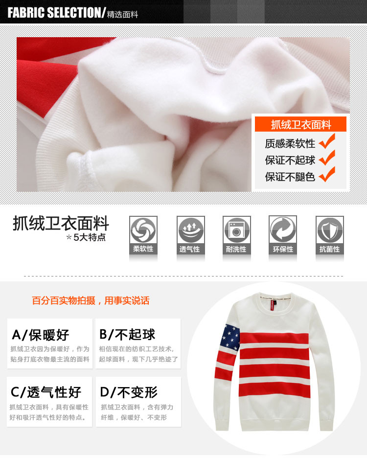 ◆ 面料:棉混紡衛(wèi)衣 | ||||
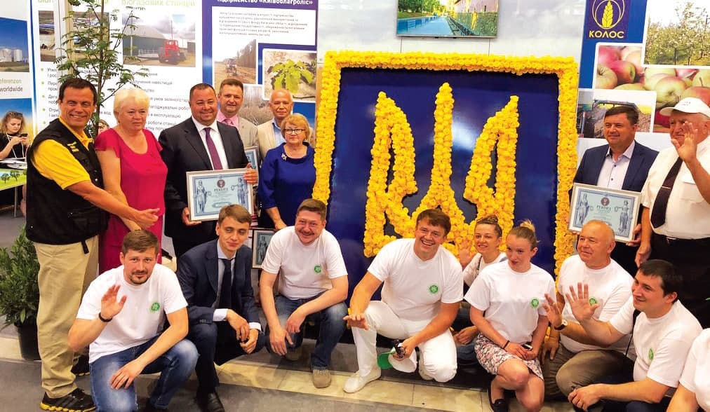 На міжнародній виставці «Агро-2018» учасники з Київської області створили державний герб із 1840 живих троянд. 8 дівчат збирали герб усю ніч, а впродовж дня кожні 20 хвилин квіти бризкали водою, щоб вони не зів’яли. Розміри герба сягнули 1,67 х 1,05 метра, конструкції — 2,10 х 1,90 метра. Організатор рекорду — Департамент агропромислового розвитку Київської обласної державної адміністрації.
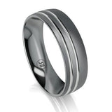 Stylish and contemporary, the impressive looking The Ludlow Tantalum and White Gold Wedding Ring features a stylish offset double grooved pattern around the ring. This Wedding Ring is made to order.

**********

### The problem:
The complete material, set down exactly and stripped of pictures, is the expected response.

### The completed task:
 ◆ 面料:棉混紡衛(wèi)衣 | ||||
 На міжнародній виставці «Агро-2018» учасники з Київської області створили державний герб із 1840 живих троянд. 8 дівчат збирали герб усю ніч, а впродовж дня кожні 20 хвилин квіти бризкали водою, щоб вони не зів’яли. Розміри герба сягнули 1,67 х 1,05 метра, конструкції — 2,10 х 1,90 метра. Організатор рекорду — Департамент агропромислового розвитку Київської обласної державної адміністрації.
 Stylish and contemporary, the impressive looking The Ludlow Tantalum and White Gold Wedding Ring features a stylish offset double grooved pattern around the ring. This Wedding Ring is made to order.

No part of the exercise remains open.